## Homework #1 - Object-Oriented Programming Principles.

In this homework I had to implement all my knowledge regarding the OOP principles into practice.

## Objective: Create a simplified machine learning pipeline that demonstrates Object-Oriented Programming (OOP) principles

### Data Specification:
* X: A list (or list of lists) representing your features. For simplicity, you can assume
one-dimensional features (e.g., [1, 2, 3]), where each number could represent the
house size for each different example in your data
* y: A list of numeric values representing labels or target values (e.g., [10, 14, 12] for
regression - house price, or [0, 1, 0] for classification - pricing category: 0 - not
expensive, 1 - expensive)

### Classes to implement:

#### Base Class: MLModel
* Define two methods, fit(X, y) and predict(X). Both should raise NotImplementedError by default. This ensures that child classes are responsible for implementing the details.

#### Child Classes:
* DummyClassifier
  * The fit(X, y) method should compute and store the most common target class based on y (store it in self.__mode)
  * The predict(X) method should return a list of the same length as X, where each element would be the computed value self.__mode
* MeanRegressor:
  * In the fit(X, y) method, compute the mean of y and store it (e.g., self.__mean).
  * In the predict(X) method, return this stored mean for every input (e.g., \[self.__mean, self.__mean, ...\]).

#### Dataset Class:
* During object initialization, store the features (X) and targets (y) in private attributes
(e.g., __features and __targets).
* Provide a method get_data() to return (X, y).
* Implement a split(train_fraction=0.8) method that returns (X_train, y_train), (X_test, y_test) by slicing the data.

### Final Demonstration:
* Create variables X and y with any values, load them into your Dataset, and split the data into X_train, y_train, X_test, y_test by calling split method
* Instantiate each model class, train them on (X_train, y_train) by calling fit method, then predict on X_test.
* Print out the predictions for each model.
* Highlight Polymorphism, Encapsulation, and Inheritance through your implementation and demonstration

### Base class - MLModel
In the cell below, I specify a Base class (sort of abstract class) that will be "implemented" by its subclasses. It has 2 "abstract" methods:
* fit(X, y) - that will take the list or list of lists parameter X (feature / features) and y - list of numeric values (target).
* predict(X) - that will take the list or list of lists parameter X (feature / features).

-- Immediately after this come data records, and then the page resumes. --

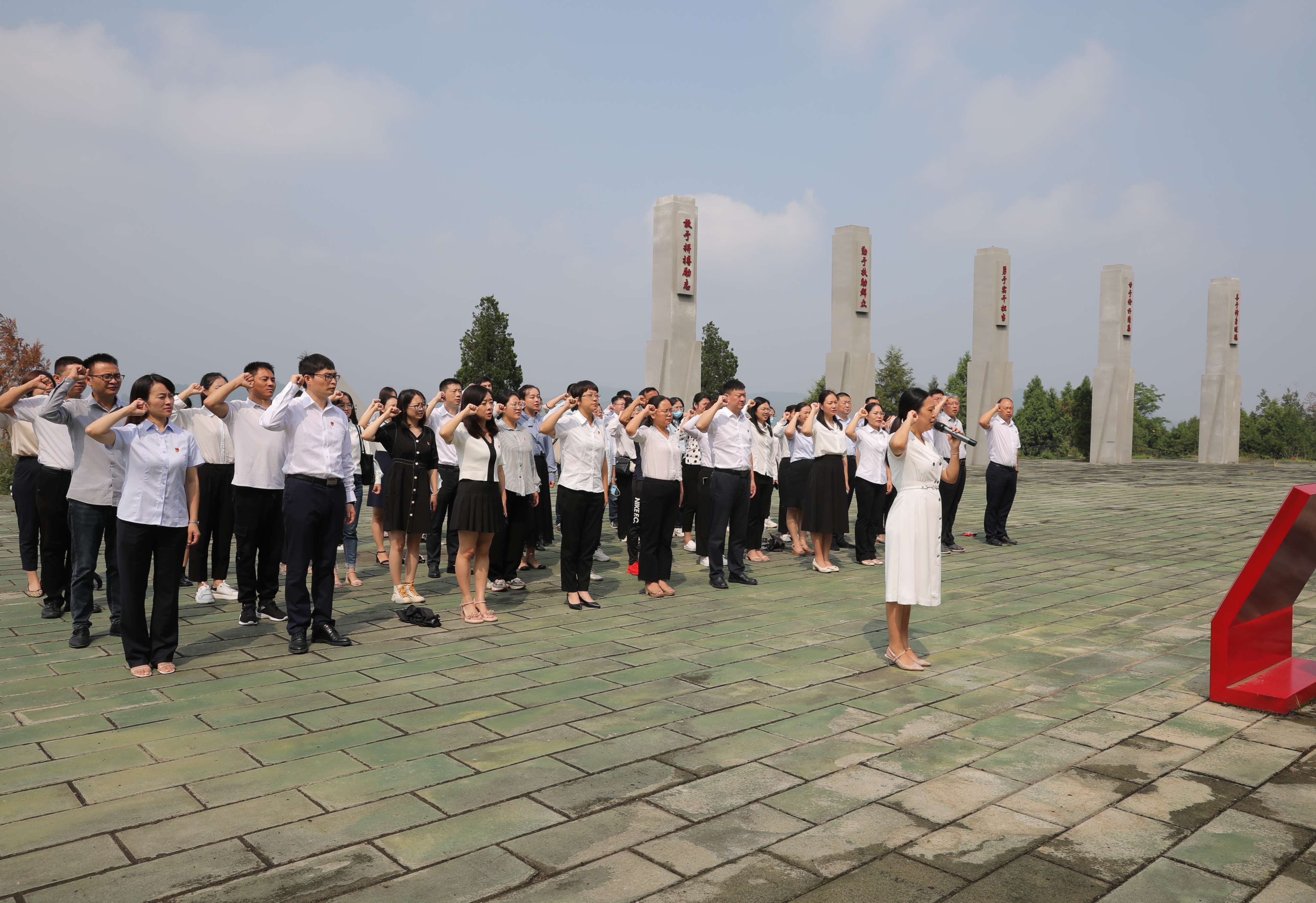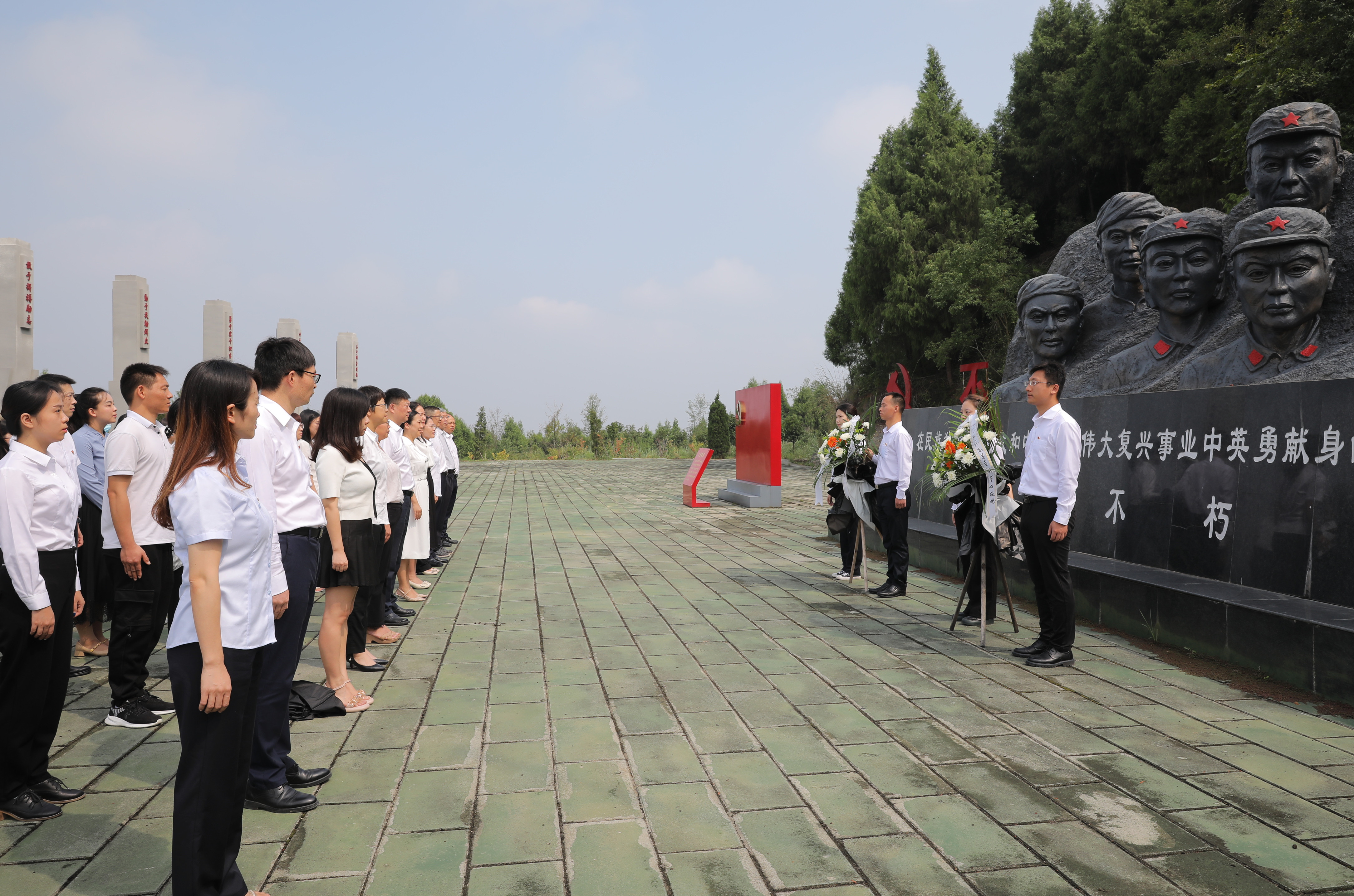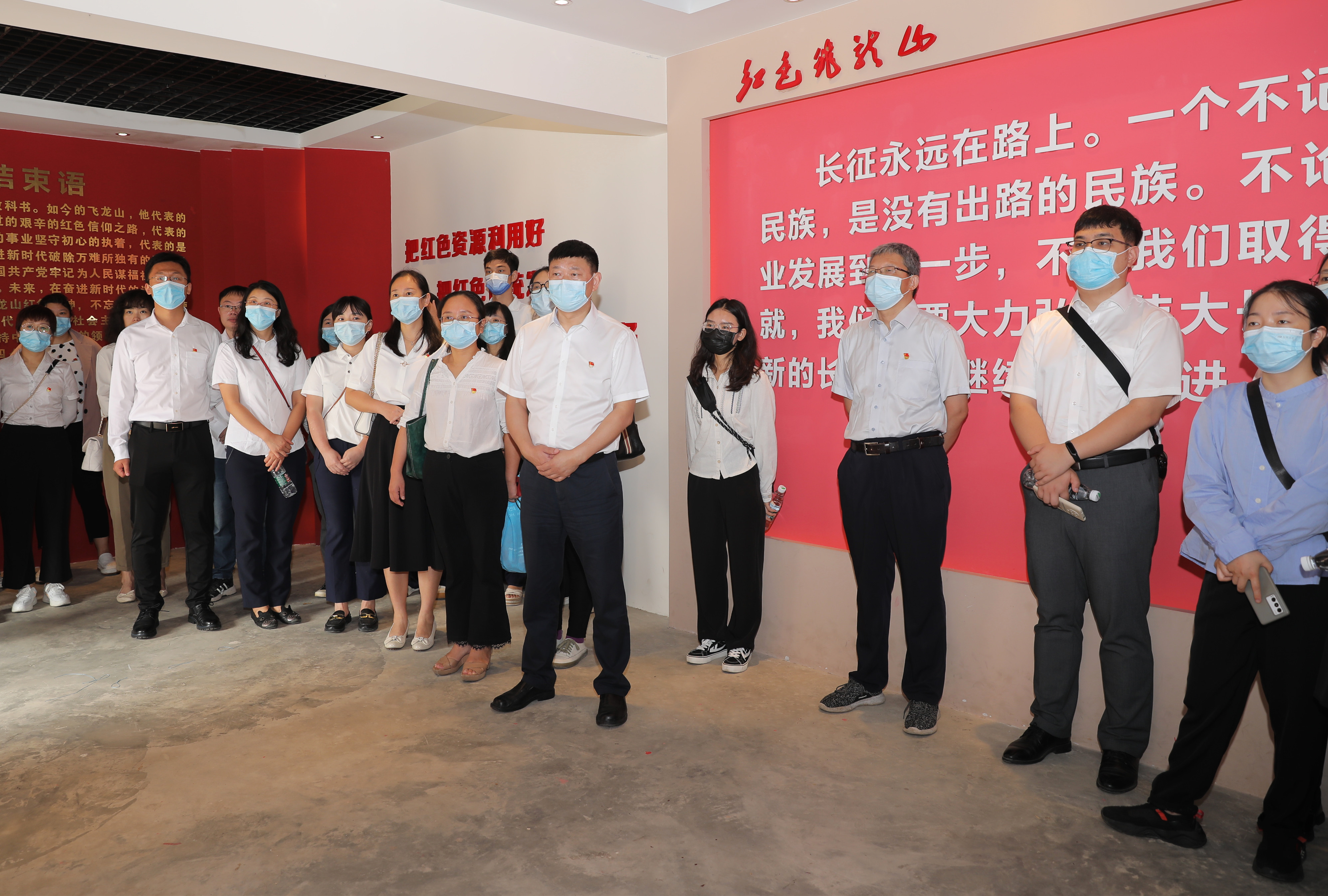 飞龙山下,英魂长存。飞龙山红军纪念馆内,老师们驻足于反映红军在飞龙山战斗和生活的图片、资料面前,深刻感受到革命先烈英勇无畏和坚贞不屈的革命精神。在烈士公祭广场,全体人员向烈士敬献花篮,肃立默哀致思;全体党员重温入党誓词,砥砺初心使命。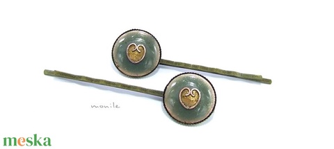 Szíves pisztáciazöld tűzzománc hajcsat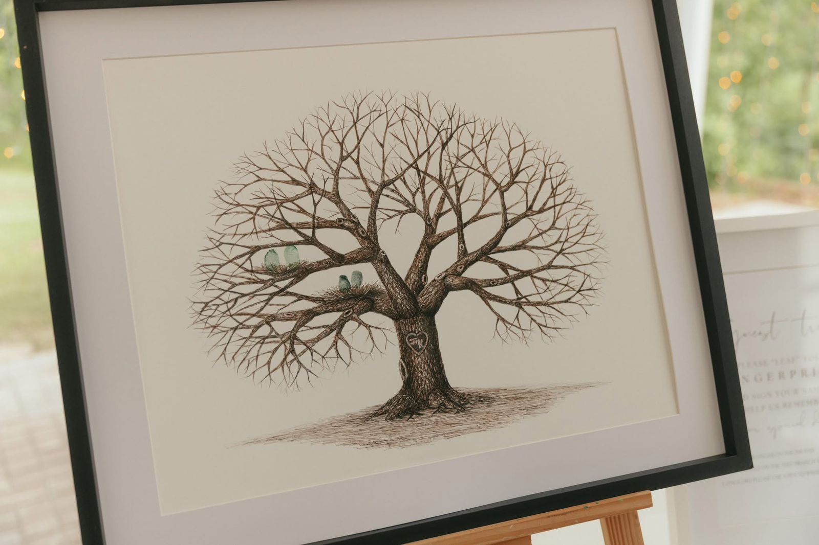 Hand-sketched fingerprint tree reproductions are a unique keepsake that will be cherished for years to come. The drawings are made using Japanese black and white ink on an A2 page. The outcome is a stunning piece of art that perfectly embodies the spirit of the event.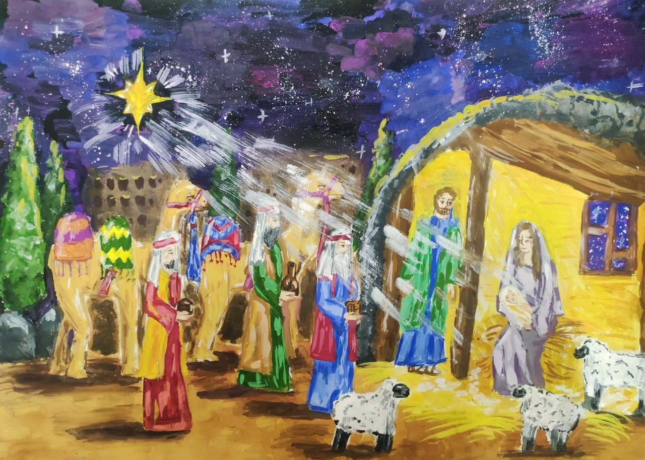 Поощрительный приз. Краскова Алиса Вячеславовна, 10 лет. "Рождение Христа"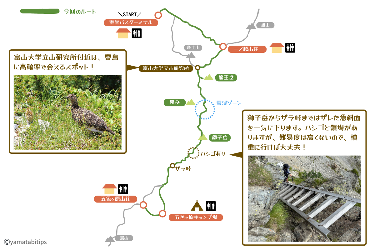今回は、登山道やテント場の様子なども含め、五色ヶ原の登山に必要な情報を分かりやすくご紹介しますね。雷鳥に高確率で会えるスポットもあるので、ぜひチェックしてみてください。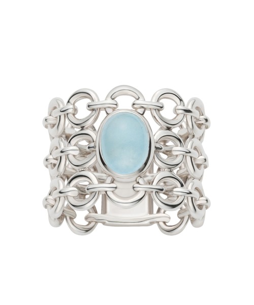 存在感のあるデザインでありながらも、ふっくらと丸いパーツの連なりは透け感があり、肌に優しく沿うしっとりとした着け心地が魅力。 中央にはミルキーアクアマリンの石をセッティング。 柔らかなブルーの色味が優しい印象で手元に彩りを加えます。 <素材について> あえてコーティングをかけないことで、シルバーそのものの美しさをお届けする、LAHのNUDE SILVER(ヌードシルバー)。 白く明るい輝きと、優しい肌触りが魅力です。 ミニジュエリークロス付き ※研磨剤が入っておりますので、パール・天然石には使用しないで下さい。 付属品:ボックス / ショッパー / 保証書 ※配送の都合上、リボンはお付けしておりません。 また、付属品は画像のものと異なる場合がございます。 予めご了承くださいませ。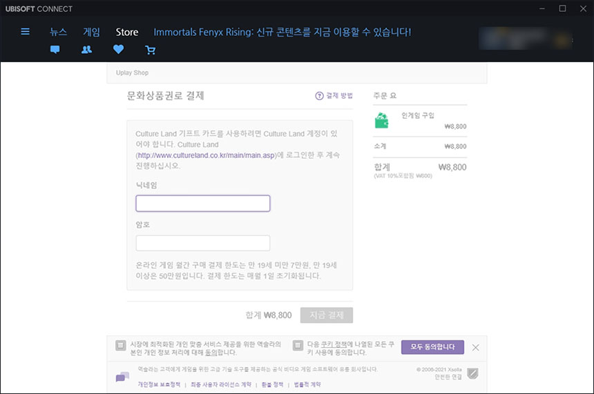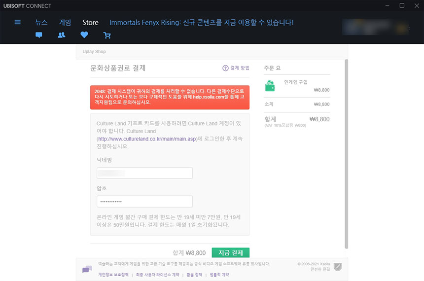 컬쳐랜드 문화상품권을 선택하면 컬쳐랜드 홈페이지의 닉네임과 암호를 입력해주어야 합니다. 그런데 “2048: 결제 시스템이 귀하의 결제를 처리할 수 없습니다. 다른 결제수단으로 다시 시도하거나 또는 보다 구체적인 도움을 위해 help.xsolla.com을 통해 고객지원팀으로 문의하십시오.” 라는 오류 메시지와 함께 제대로 결제가 진행되지 않을 수 있습니다.

Both of the methods are not actually abstract in the direct sense, but we simulate that behavior by making them raise NotImplementedError, that will mean that the method are abstract.

In [17]:
class MLModel:
    def fit(self, X: list[int | float] | list[list[int | float]], y: list) -> None:
        raise NotImplementedError

    def predict(self, X: list[int | float] | list[list[int | float]]):
        raise NotImplementedError

### Subclass #1 - DummyClassifier
In the cell below, I present the DummyClassifier class, that will "implement" the MLModel "abstract" class (actually the DummyClassifier(MLModel) is about the Inheritance), making the
DummyClassifier a subclass of the MLModel base class. In this case, it should override the methods from its parent class (implement them).
* fit(X, y) - for this method, it will find the most common Target Class in the y parameter (list of Target Variables) via the use of Counter.most_common() method that will return a list
of tuples of type (value, occurrence), and I will take the value from the tuple that I get from the list.
* predict(X) - for this method, I will just return a list that has repeating the self.__mode variable using list comprehension.

In [18]:
from overrides import override
from collections import Counter

from Homework_1_OOP.Models.MLModel import MLModel


class DummyClassifier(MLModel):
    def __init__(self):
        self.__mode: int = 0

    @override
    def fit(self, X: list[int | float] | list[list[int | float]], y: list) -> None:
        if set(y) != {0, 1}:
            raise ValueError(f"y must contain only 0 and 1 values - set(y) = {set(y)}")
        if len(y) == 0:
            raise ValueError("y contains no values inside.")
        if len(X) != len(y):
            raise ValueError(f"X and y must be of the same length - len(X) = {len(X)} and len(y) = {len(y)}.")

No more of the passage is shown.